The answer must consist only of the lines in the records below from the line with "Regno - Umberto" to the line with "Open the hood", both included, copied word for word with every picture left out.

[Records contained in a dataset]
☆ ☆ ☆ ☆ ☆ ☆ ☆

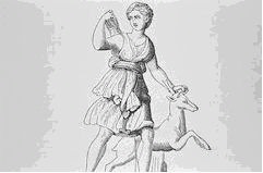 Another main aspect of Artemis' persona was her virginity. It's said that in early childhood, she asked her father, Zeus, to give her eternal celibacy. This was granted and Artemis remained as one of the few virgin goddesses. Not only did she keep her abstinence, but she was extremely protective of her followers being virgins as well. She wasn't too fond of being seen nude by men either. One character by the name of Actaeon, a hunter, found this out the hard way. He happened to find Artemis and her companions bathing nude in a hidden pool. Of course Actaeon couldn't resist the sight of a goddess bathing so he froze and just stood there watching in delight. Unfortunately for him, Artemis caught the little peeper and changed him into a stag. She then sent the hunter's own dogs after him at which point poor Actaeon was killed by the hounds.
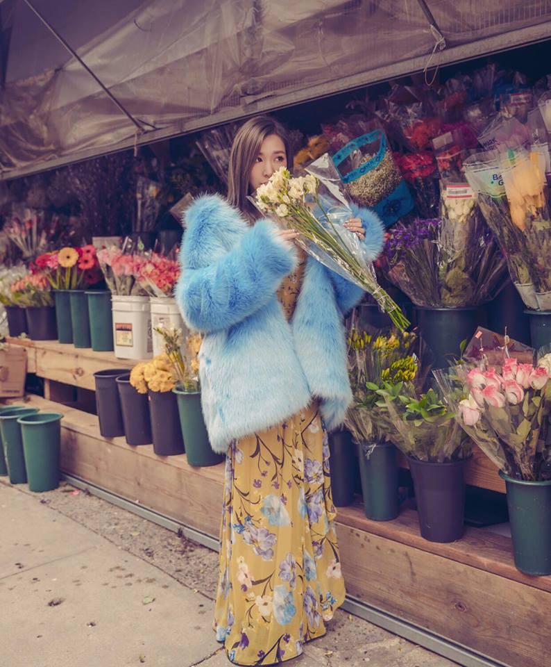 Khoe outfit nổi bật trên phố, Tiffany diện áo lông to sụ khoác ngoài váy maxi dài họa tiết hoa lá hẹ.
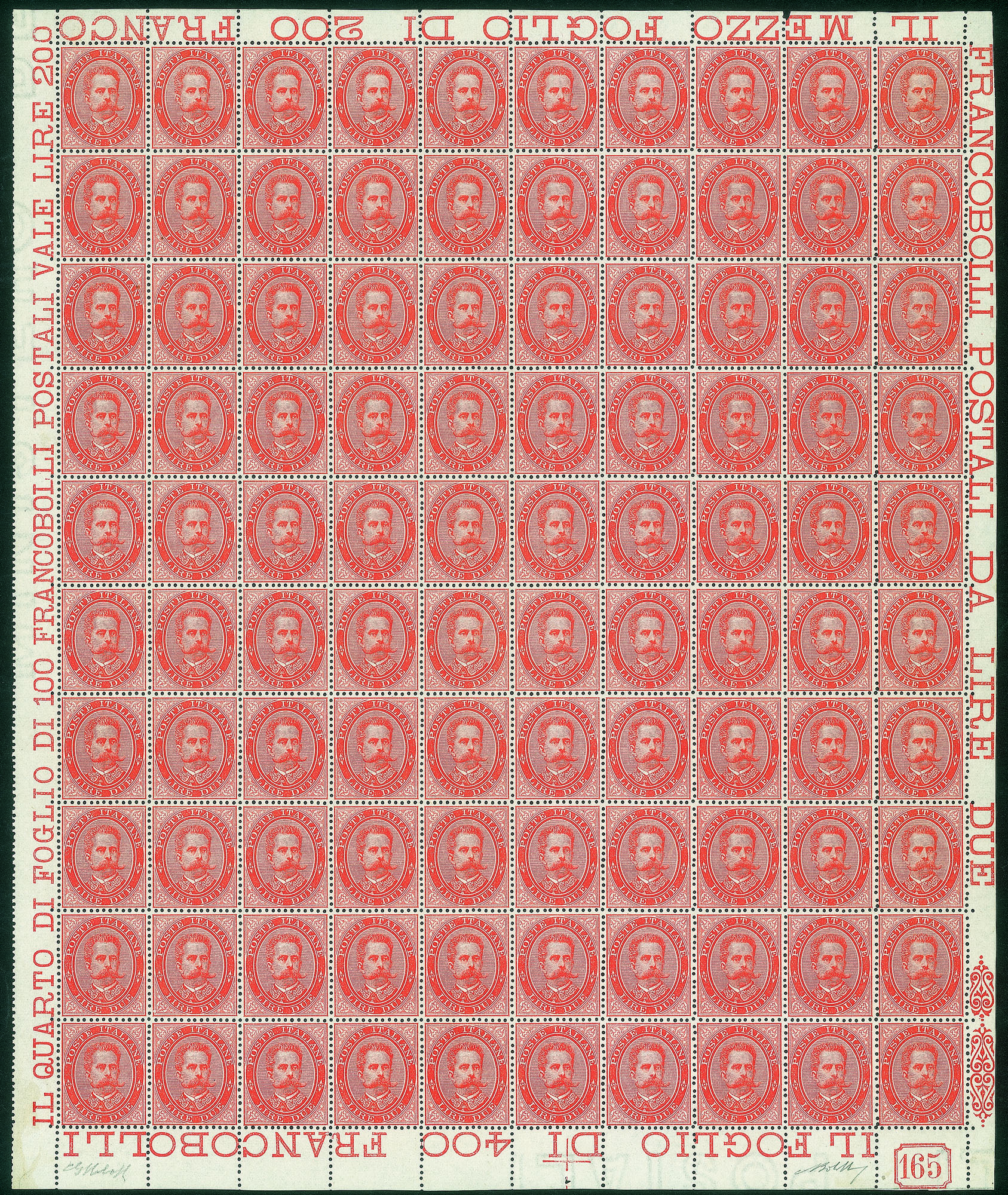 Regno - Umberto I - 1879 - Splendido foglio intero di 100 esemplari del 2 lire Umberto (43)
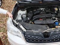Open the hood of your car by locating and pulling the hood release found on the driver side dash just below (and to the left) of the steering wheel. Then move to the front grill of your car and pull the latch located under the Subaru symbol.
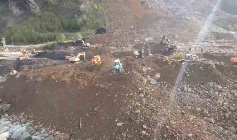 Artvin’in Arhavi ilçesinde gece saat 03.00 sıralarında Kıyıcık mevkisinde yaşanan heyelan, Karadeniz Sahil Yolu’nun ulaşıma kapanmasına neden oldu. Heyelan nedeniyle yamaçtan kopan dev toprak ve kaya kütleleri ile ulaşımın çift yönlü olarak ulaşıma kapandığı kara yolunda günün ilk ışıklarıyla birlikte çalışma başlatıldı. Rize’nin Fındıklı ve Artvin’in Arhavi ilçelerindeki her iki noktadan başlatılan heyelan temizleme çalışmalarında iş makinelerinin hummalı çalışması dron ile görüntülendi. Ekipler tarafından çevrede bulunan güvenlik kameralarının da incelenerek toprak altında araç olup olmadığının da araştırıldığı heyelan nedeniyle ulaşım, alternatif köy yollarından sağlanıyor. Karadeniz Sahil Yolu’nu aşıp, denize kadar ulaştığı görüntülenen heyelanın ardından kara yolunun yaklaşık 200 metrelik bölümünün toprak ve taş yığınıyla dolduğu belirtildi.
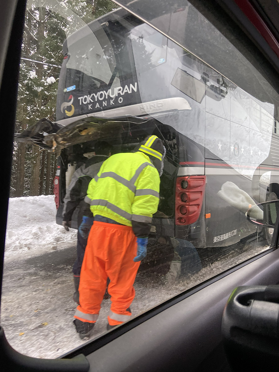 ここから友人の車で移動。今朝のネット情報や友人からの連絡では、関越道の一部区間と三国峠の通行止があったが、今は解除されたとのこと。しかし別の友人からの連絡で、三国峠でバス追突事故が発生して片側車線での走行になっているので注意しなさいとのこと。事故現場付近を通過したとき、車中からカメラに収めた。えげつなくエンジンルームがダメになったバス、乗客は大丈夫だったのか?
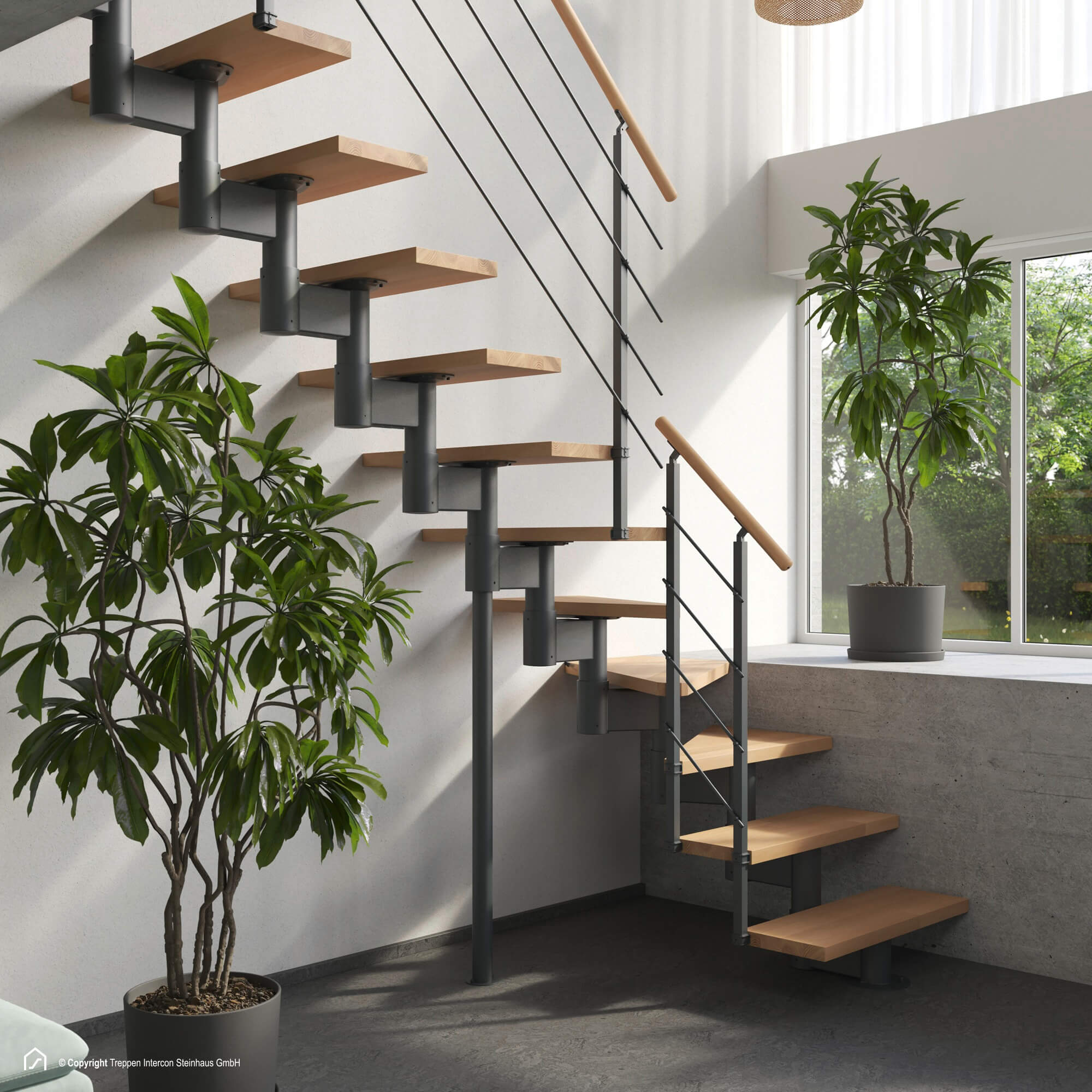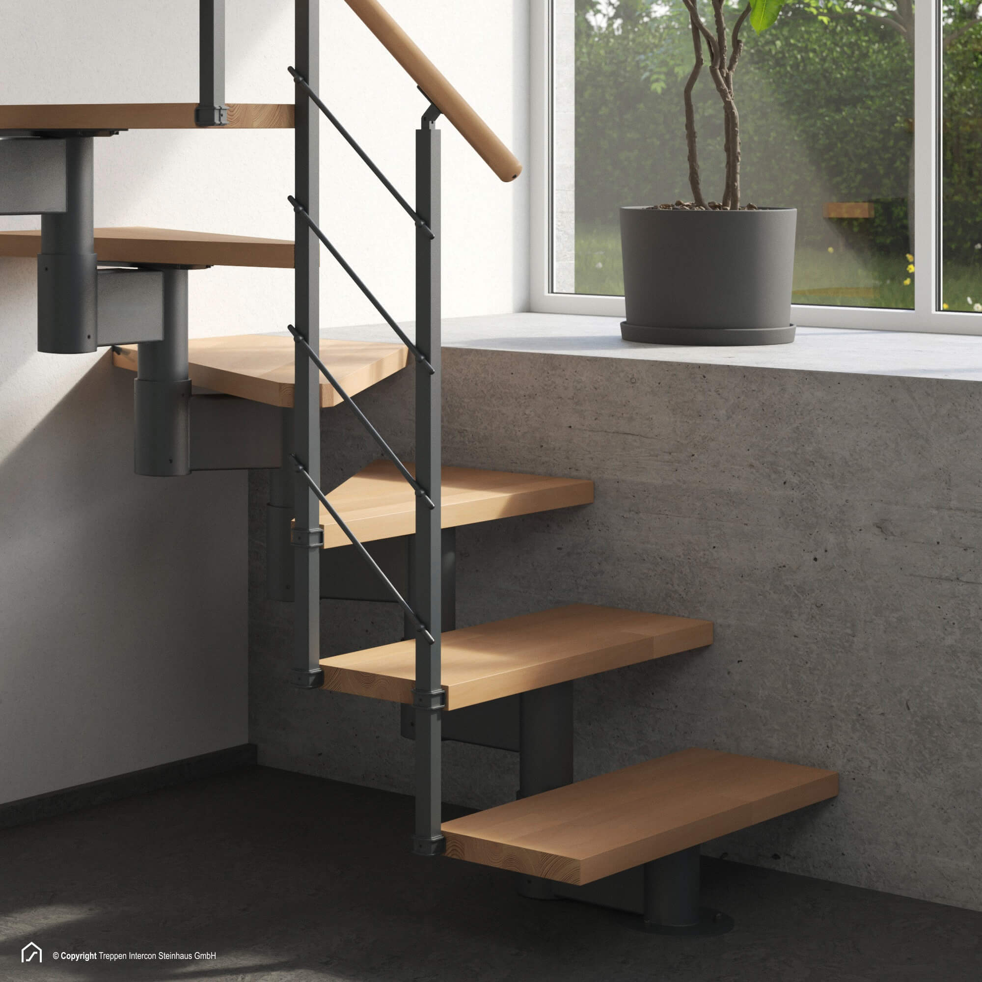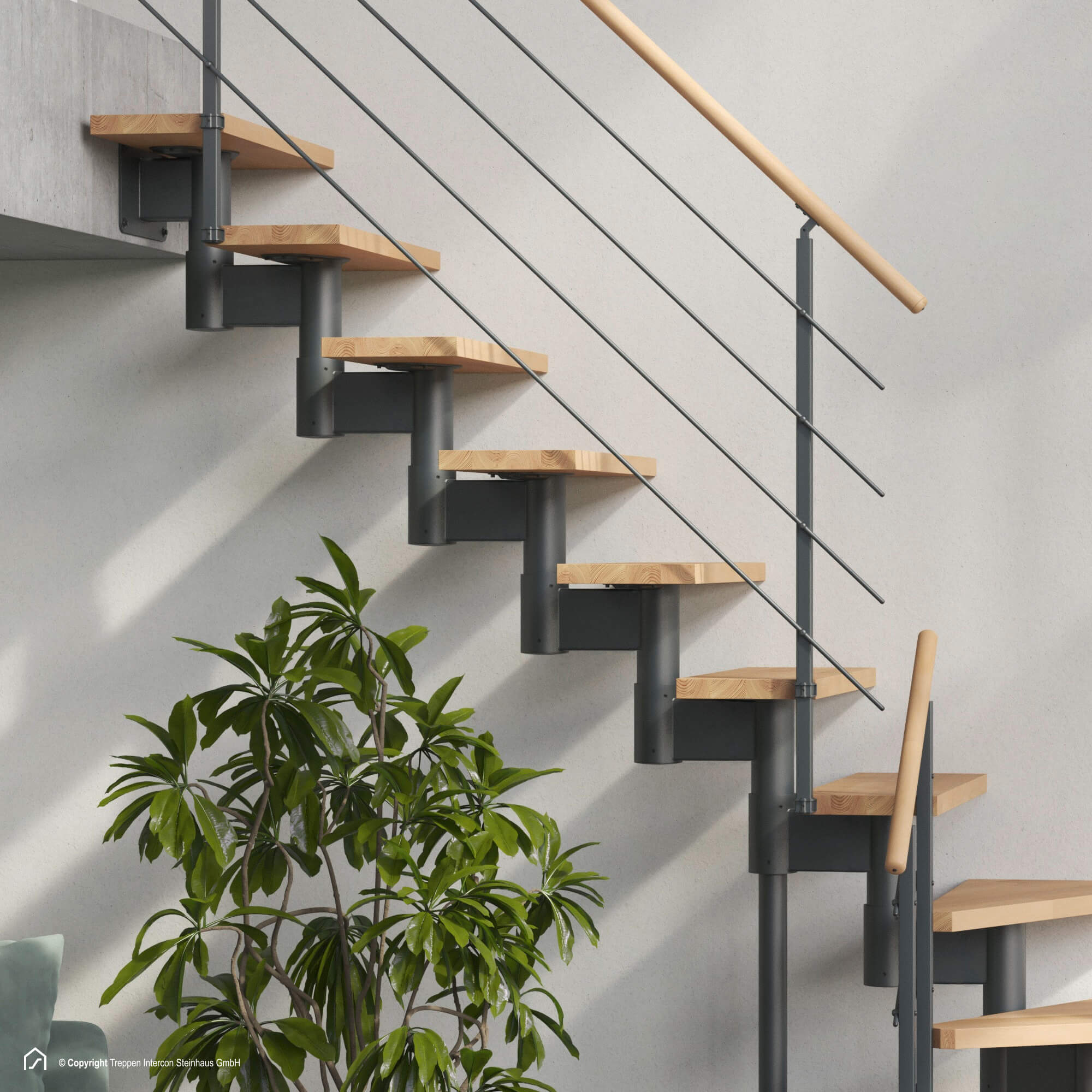 In unserem Shop finden Sie die Mittelholmtreppe Intercon Manhattan in vielen verschiedenen Varianten. Sie haben die Wahl zwischen Stufenbreiten von 80 oder 90 cm, den Metallfarben Italo-Silber, Polar-Weiß & Lava-Anthrazit sowie den Stufendesigns in Buche natur, Buche dunkel und Eiche natur. Zu guter Letzt können Sie sich noch zwischen einer Viertelwendelung nach links oder rechts entscheiden. Sie sehen, Ihnen stehen viele Möglichkeiten zur Anpassung der Mittelholmtreppe offen.

☆ ☆ ☆ ☆ ☆ ☆ ☆

**WRITTEN ANSWER**
 Regno - Umberto I - 1879 - Splendido foglio intero di 100 esemplari del 2 lire Umberto (43)
Open the hood of your car by locating and pulling the hood release found on the driver side dash just below (and to the left) of the steering wheel. Then move to the front grill of your car and pull the latch located under the Subaru symbol.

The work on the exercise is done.